─── EXERCISE INPUT ───
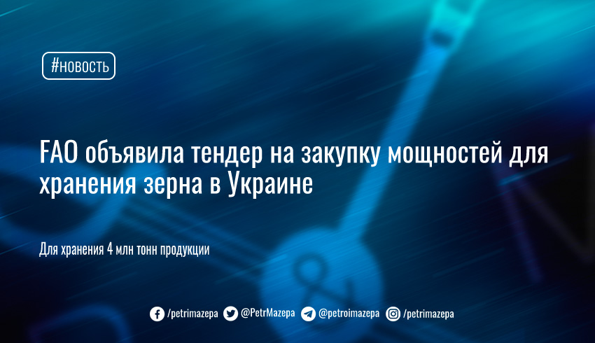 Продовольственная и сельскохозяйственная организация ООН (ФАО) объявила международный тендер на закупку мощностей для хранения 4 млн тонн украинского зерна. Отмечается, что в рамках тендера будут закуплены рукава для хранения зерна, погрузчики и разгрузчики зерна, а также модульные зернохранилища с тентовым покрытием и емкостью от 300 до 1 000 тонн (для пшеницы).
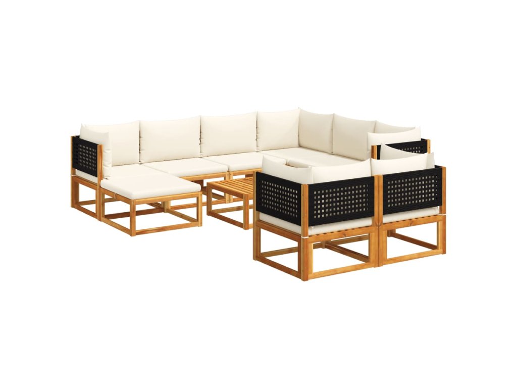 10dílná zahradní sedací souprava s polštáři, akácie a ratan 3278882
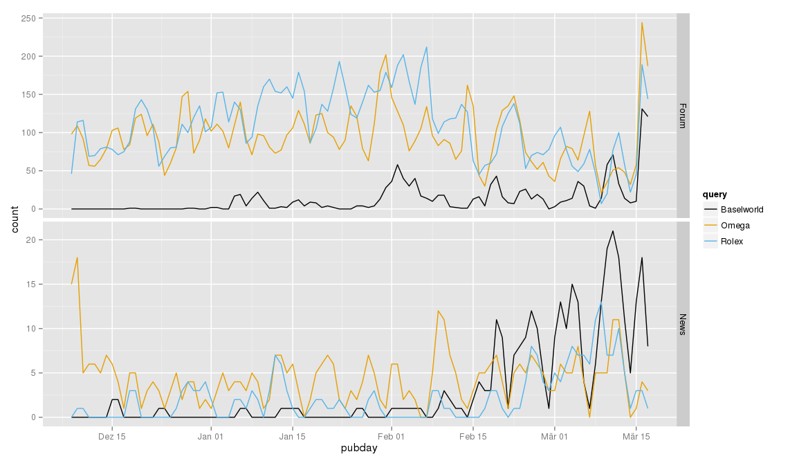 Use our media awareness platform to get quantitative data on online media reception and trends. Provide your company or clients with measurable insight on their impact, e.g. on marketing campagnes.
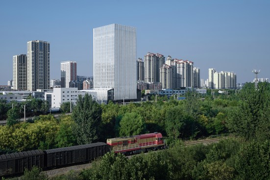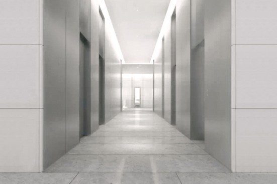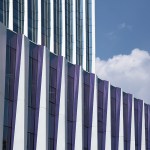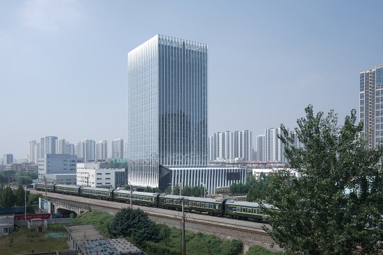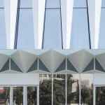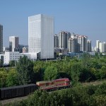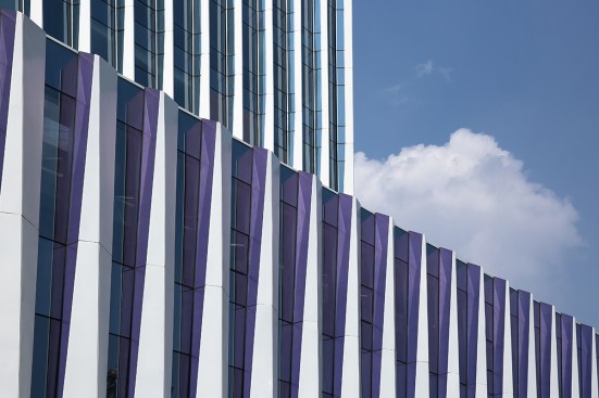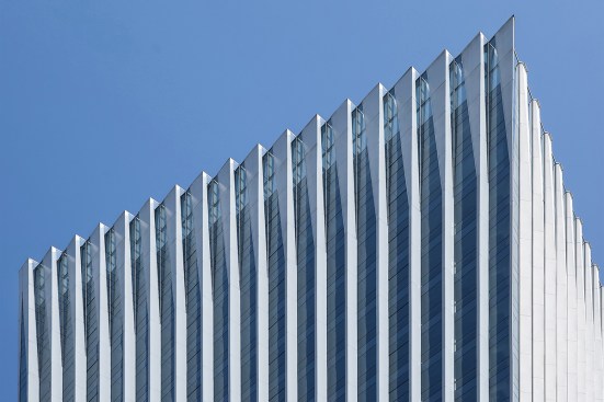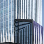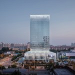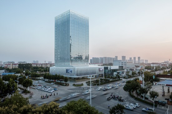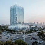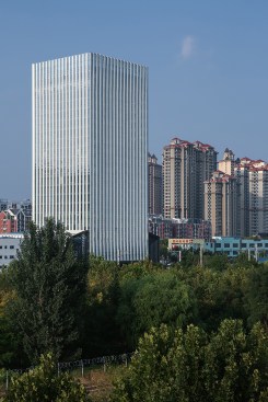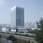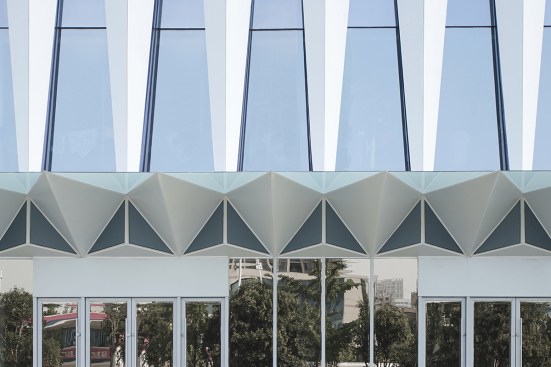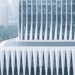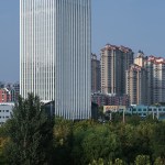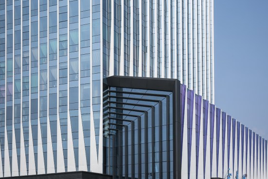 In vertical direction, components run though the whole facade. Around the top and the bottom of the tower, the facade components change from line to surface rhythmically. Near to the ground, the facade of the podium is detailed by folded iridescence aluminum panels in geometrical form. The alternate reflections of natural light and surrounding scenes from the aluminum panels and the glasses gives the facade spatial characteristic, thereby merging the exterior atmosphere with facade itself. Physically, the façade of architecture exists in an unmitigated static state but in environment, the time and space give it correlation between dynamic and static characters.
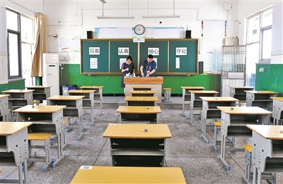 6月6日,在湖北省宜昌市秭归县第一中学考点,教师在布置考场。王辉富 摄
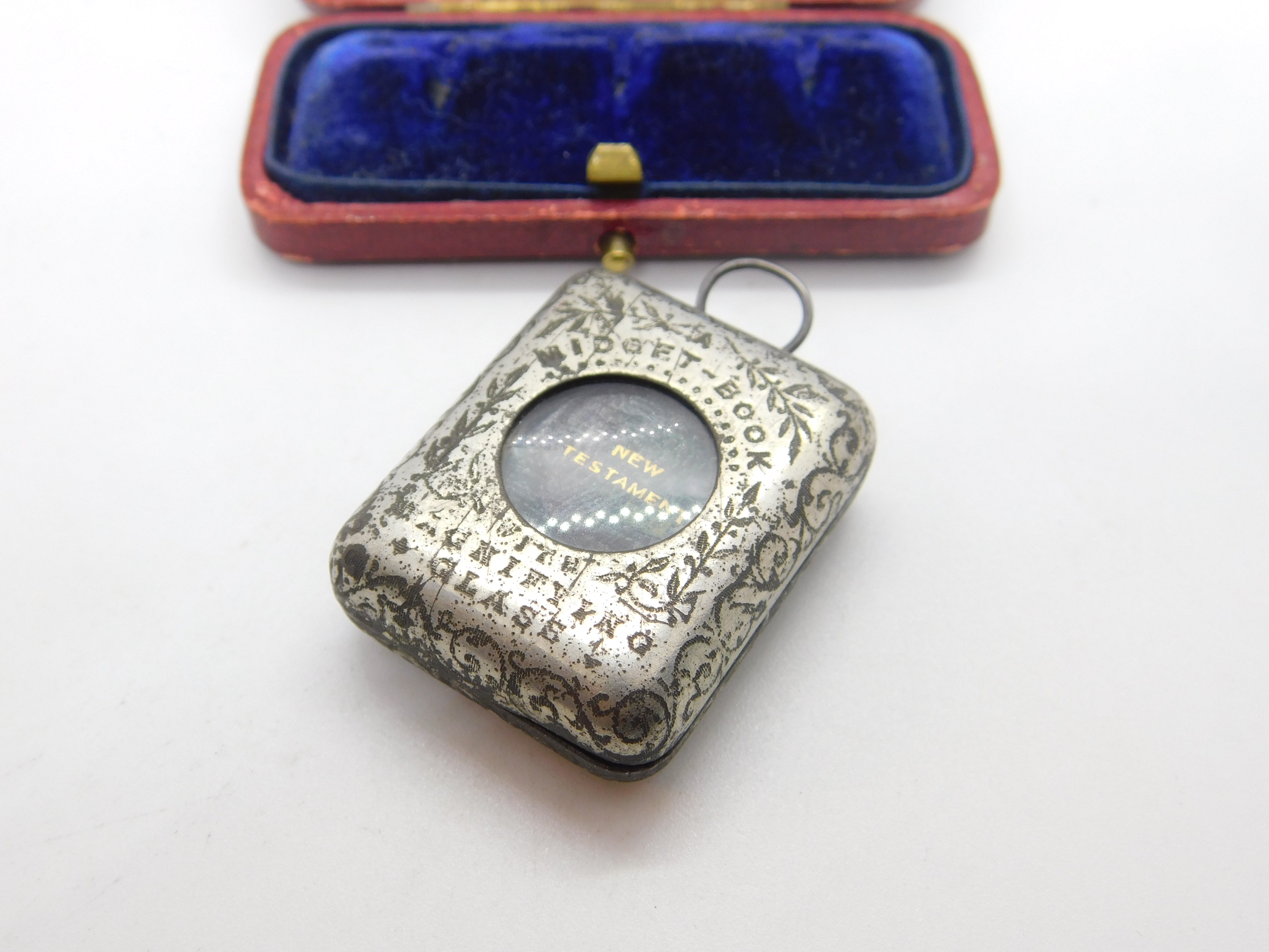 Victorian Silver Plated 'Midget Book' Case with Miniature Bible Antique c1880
───
• _TASK OBJECTIVE_: Print each line of the listing, starting at its first and ending with the line that holds "Use our media", but skip any pictures.

• _THE COMPLETED TASK_:
 Продовольственная и сельскохозяйственная организация ООН (ФАО) объявила международный тендер на закупку мощностей для хранения 4 млн тонн украинского зерна. Отмечается, что в рамках тендера будут закуплены рукава для хранения зерна, погрузчики и разгрузчики зерна, а также модульные зернохранилища с тентовым покрытием и емкостью от 300 до 1 000 тонн (для пшеницы).
 10dílná zahradní sedací souprava s polštáři, akácie a ratan 3278882
 Use our media awareness platform to get quantitative data on online media reception and trends. Provide your company or clients with measurable insight on their impact, e.g. on marketing campagnes.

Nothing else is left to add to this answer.